Тут взгляд Толгая совершенно случайно упал на колчан того самого аггела, который вогнал ему в грудь роковую стрелу. Среди стрел торчали свежие веточки недавно сорванного бдолаха. Такие же заначки имелись и у других мертвецов.

Рожденный в мире, где человек еще окончательно не отделился от природы, Толгай привык жить по законом вольного зверя. Он легко переносил голод и жажду, но при каждом удобном случае нажирался до отвала. Этого же принципа он придерживался и при лечении бдолахом.

Сжевав все веточки, до которых можно было дотянуться, он принял позу, наименее бередящую раны, и, помня наставления Верки, стал страстно желать исцеления. Получалось это плохо – не давал сосредоточиться звенящий гул в ушах, клокочущая в горле кровь и сжигающая нутро острая боль.

По мере того как его глаза застилала мгла, жизнь теряла свою привлекательность и казалась уже не волшебным даром, а постылой, унизительной обузой. Смерть же, наоборот, обещала скорое избавление от забот и страданий… А что, если Зяблик прав и бессмертная человеческая душа, покинув разрушенную оболочку, каждый раз начинает новое существование?

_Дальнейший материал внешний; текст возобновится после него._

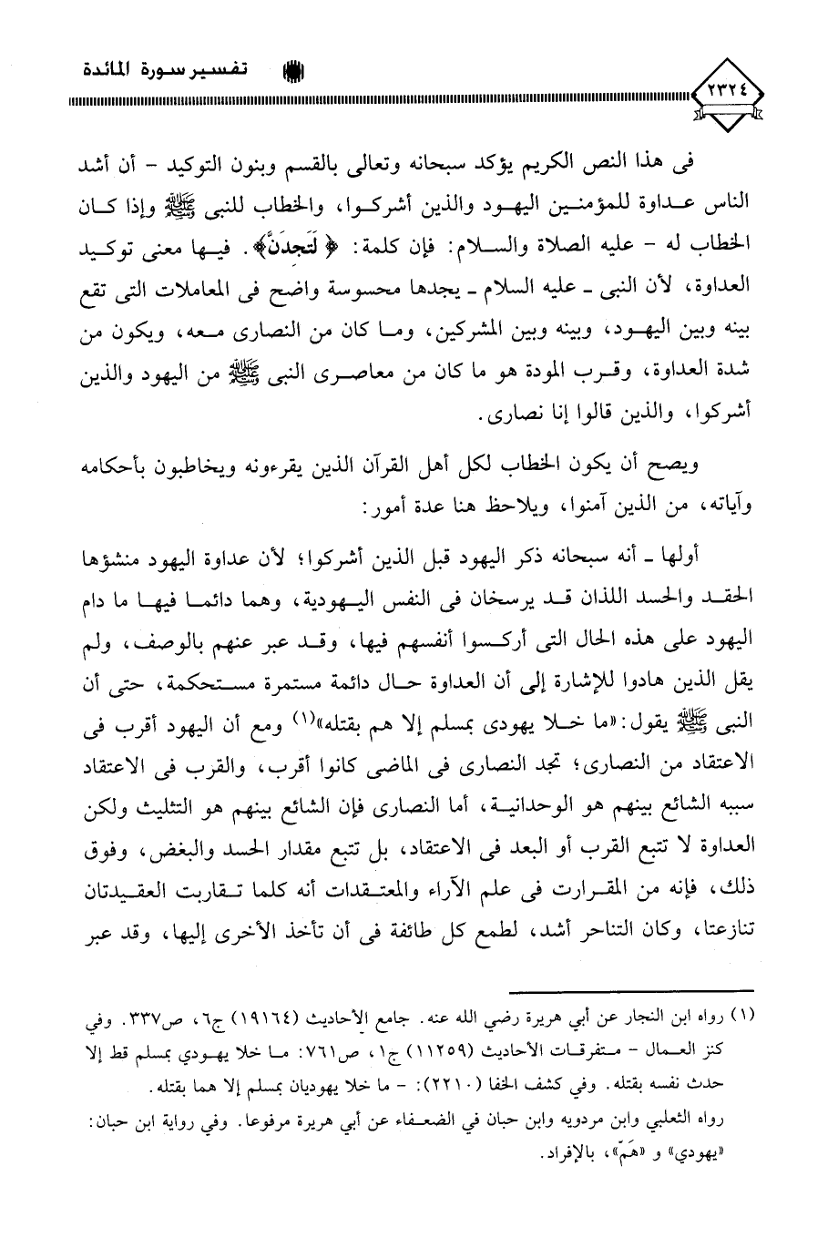 فى هذا النص الكريم يؤكد سبحانه وتعالى بالقسم وبنون التوكيد - أن أشد الناس عداوة للمؤمنين اليهود والذين أشركوا، والخطاب للنبي - صلى الله عليه وسلم - وإذا كان الخطاب له - عليه الصلاة والسلام: فإن كلمة: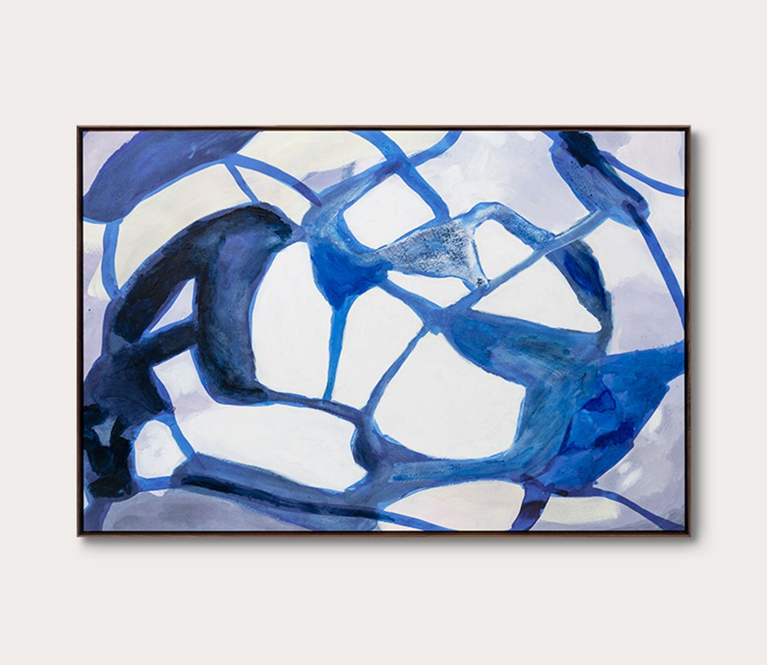 Of-the-moment yet timeless, this abstract wall art print giclee by Zoe Bios Creative depicts colorful abstractions with graphic lines and organic shapes in shades of purple, blue, grey, and white. Arriving in 26 x 38-inch or 42 x 62-inch dimensions— the stretched canvas sits in a solid walnut wood frame for high-quality, modern wall décor.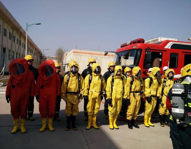 洛陽市消防支隊(duì)王榮范參謀長(zhǎng)、西工區(qū)消防大隊(duì)劉學(xué)康大隊(duì)長(zhǎng)及洛陽正大總裁辦喬光斌總經(jīng)理、食品事業(yè)部杜光輝副總經(jīng)理一行在演練前到達(dá)演練場(chǎng)地進(jìn)行安排部署,成立了消防演練現(xiàn)場(chǎng)指揮部,由洛陽市消防支隊(duì)王榮范參謀長(zhǎng)任指揮長(zhǎng)。演練假設(shè)正大食品有限公司制冷機(jī)房因設(shè)備發(fā)生故障,液氨罐發(fā)生泄漏,1名操作人員受困,現(xiàn)場(chǎng)人員立即向公司領(lǐng)導(dǎo)匯報(bào)并撥打119尋求支援。119指揮中心在接到報(bào)警后,由洛陽市消防支隊(duì)協(xié)調(diào),迅速調(diào)集澗西消防大隊(duì)下屬谷水中隊(duì),西工區(qū)消防大隊(duì)下屬車站中隊(duì)、紅山中隊(duì)迅速趕赴現(xiàn)場(chǎng),與此同時(shí)正大食品有限公司迅速啟動(dòng)單位應(yīng)急預(yù)案,組織員工疏散。十五分鐘后,紅山消防中隊(duì)6臺(tái)消防車、2臺(tái)救護(hù)車到達(dá)現(xiàn)場(chǎng),消防戰(zhàn)士著防化服立即進(jìn)入現(xiàn)場(chǎng),對(duì)氨中毒人員進(jìn)行搶救,對(duì)氨泄漏部位進(jìn)行應(yīng)急處置。二十分鐘后谷水中隊(duì)、車站中隊(duì)6臺(tái)消防車達(dá)到現(xiàn)場(chǎng)支援, 50余名消防員展開救援戰(zhàn)斗,用消防水槍噴水中和泄漏的氨氣,降低空氣中氨的濃度。經(jīng)過近一個(gè)小時(shí)的搶維修,氨泄漏得到控制,演練指揮中心宣布本次演練***結(jié)束。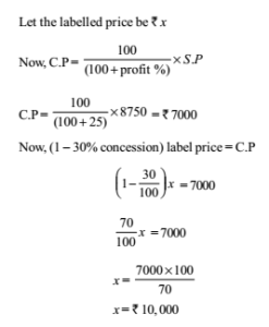 - A got 30% concession on the label price of an article sold for Rs. 8,750 with 25% profit on the price he bought. The label price was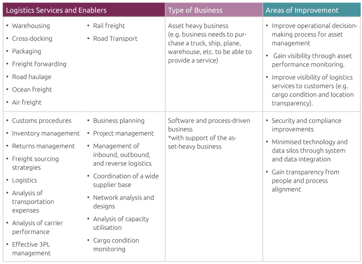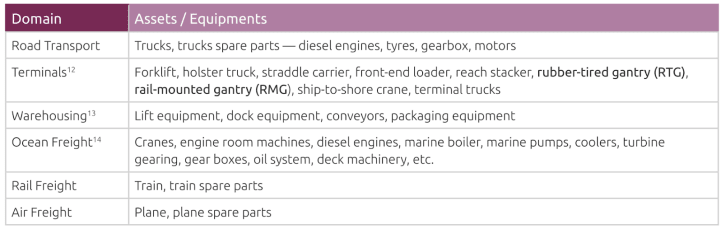 There are multiple assets used to run the operations in the logistics sector, such as warehouse equipment, road transport trucks, and spare parts. However, poor operational decisions on maintenance and repair can lead to this equipment not being fully utilised. The table below gives some examples of these assets and equipment.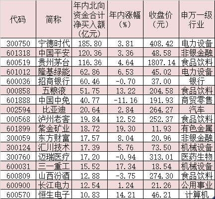 具體來(lái)看,寧德時(shí)代、中國(guó)平安、貴州茅臺(tái)等3只個(gè)股年內(nèi)累計(jì)北向資金凈買(mǎi)入額均超百億元,分別達(dá)到185.80億元、120.36億元和116.36億元,隆基綠能、招商銀行、五糧液、中國(guó)中免、比亞迪等5只個(gè)股年內(nèi)均受到20億元以上北向資金布局。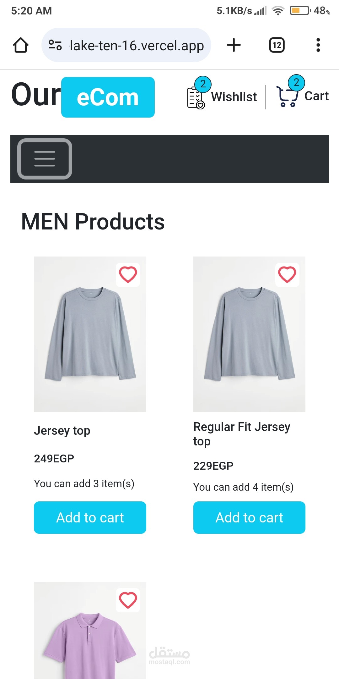 - إمكانية إضافة المنتجات إلى عربة التسوق.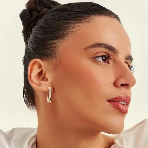 ARGOLA OVAL EM "X" COM ZIRCÔNIAS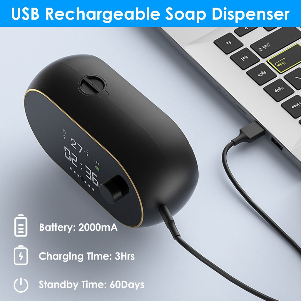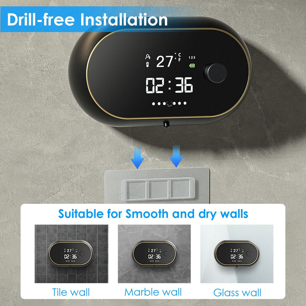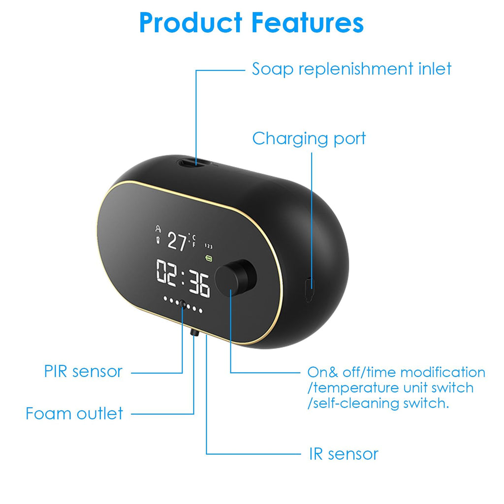 *Dual Sensors*:This automatic soap dispenser features both an infrared motion sensor and a PIR sensor to make sure it doesn’t miss a hand and effectively avoid false triggering. When you approach it,the screen will automatically light up and clearly show current time,temperature,remaining soap and power. Built-in infrared sensor chip will dispense foam timely and accurately once detecting a hand beneath.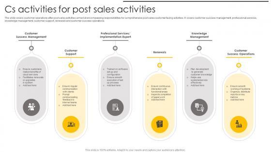 The slide covers customer operations after post sales activities aimed at encompassing responsibilities for comprehensive post sales customer facing activities. It covers customer success management, professional services, knowledge management, customer support, renewals and customer success operations. Showcasing this set of slides titled Cs Activities For Post Sales Activities Slides Pdf. The topics addressed in these templates are Customer Support, Renewals, Knowledge Management . All the content presented in this PPT design is completely editable. Download it and make adjustments in color, background, font etc. as per your unique business setting. The slide covers customer operations after post sales activities aimed at encompassing responsibilities for comprehensive post sales customer facing activities. It covers customer success management, professional services, knowledge management, customer support, renewals and customer success operations.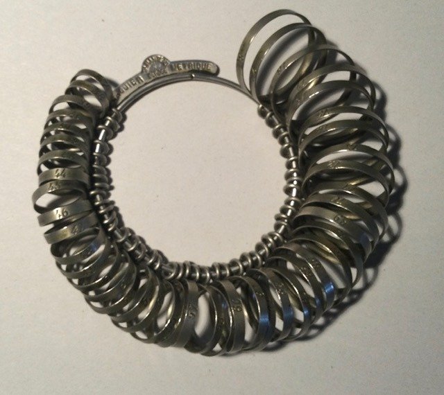 Deze ijzeren maten werdenvroeger gebruikt door juweliers maar zijn nu vervangen door kunststofmaten of elektronische apparatuur.
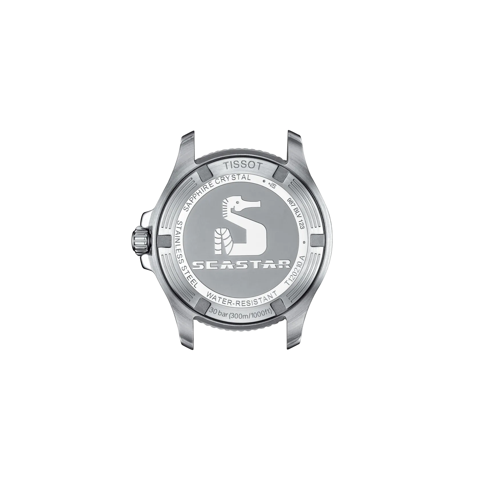 The Tissot T1202102205100 Seastar 1000 is a robust Unisex Swiss Quartz dive watch with a 36 mm black dial and two‑tone stainless steel bracelet. With water resistance up to 30 bar (300 m), a unidirectional rotating bezel, Super‑LumiNova® hands, and a scratch‑resistant sapphire crystal, it blends sporty functionality with refined style.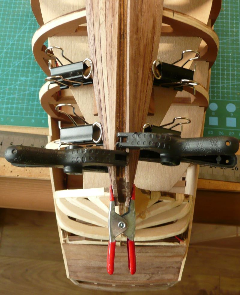 Kil, na skutek zapakowania elementów o różnej długości przy użyciu folii termokurczliwej, okazał się nieco zwichrowany. Wręgi dosyć luźno "latały" we wcięciach na kilu. Konieczne stało się więc zbudowanie prostej stoczni, żeby naprawić niedoróbki producenta.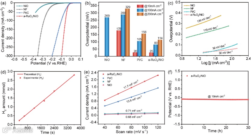 图3.(a) NiO、NF、Pt/C和a-RuO2/NiO在1m KOH下的线性扫描伏安(LSV)曲线(95% iR补偿)。(b)这些催化剂在不同电流密度下相应的过电位。(c)塔菲尔斜坡。(d)通过实验测量和理论计算确定的a-RuO2/NiO的析氢。(e)催化剂双层电容(Cdl)。(f) a-RuO2/NiO电极在1 M KOH溶液中以10 mA cm−2电流密度进行时电位测定试验。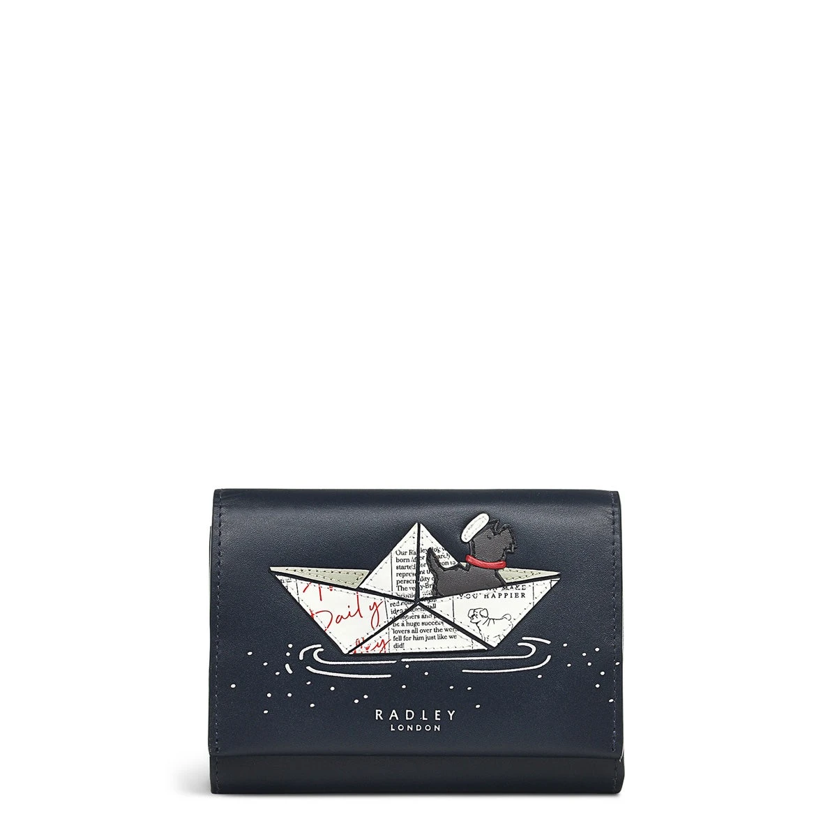 Our Scottie dog is enjoying a new adventure, this time on water. See him floating along in a homemade paper boat on the Sail Away medium purse. Look closely and you’ll see he’s used a page of The Daily Radley newspaper, crafted using leather appliqué and screen prints.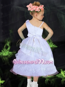 Ball Gown Asymmetrical Ankle-length Hand Made Flowers Bowknot White Little Girl Dress
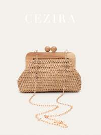 Damska kopertówka z drewnianą ramą, zapięciem magnetycznym, słomianym, plecionym woreczkiem, długim łańcuszkiem, na ramię, do ręki, torebka na wakacje, na plażę, lekka i przenośna, na wakacje, podróże, nad morze, na co dzień, na wiosnę i lato

Подумав о Зяблике, он сразу вспомнил и всех остальных: занудливого, но незаменимого Смыкова, добродушного, хотя и не в меру разговорчивого Цыпфа, восторженную Лилечку, отчаянную Верку. Где они сейчас, что с ними, живы ли еще? Поминают ли его добрым словом или клянут? Ведь он так подвел друзей, понадеявшихся на него в этот грозный момент…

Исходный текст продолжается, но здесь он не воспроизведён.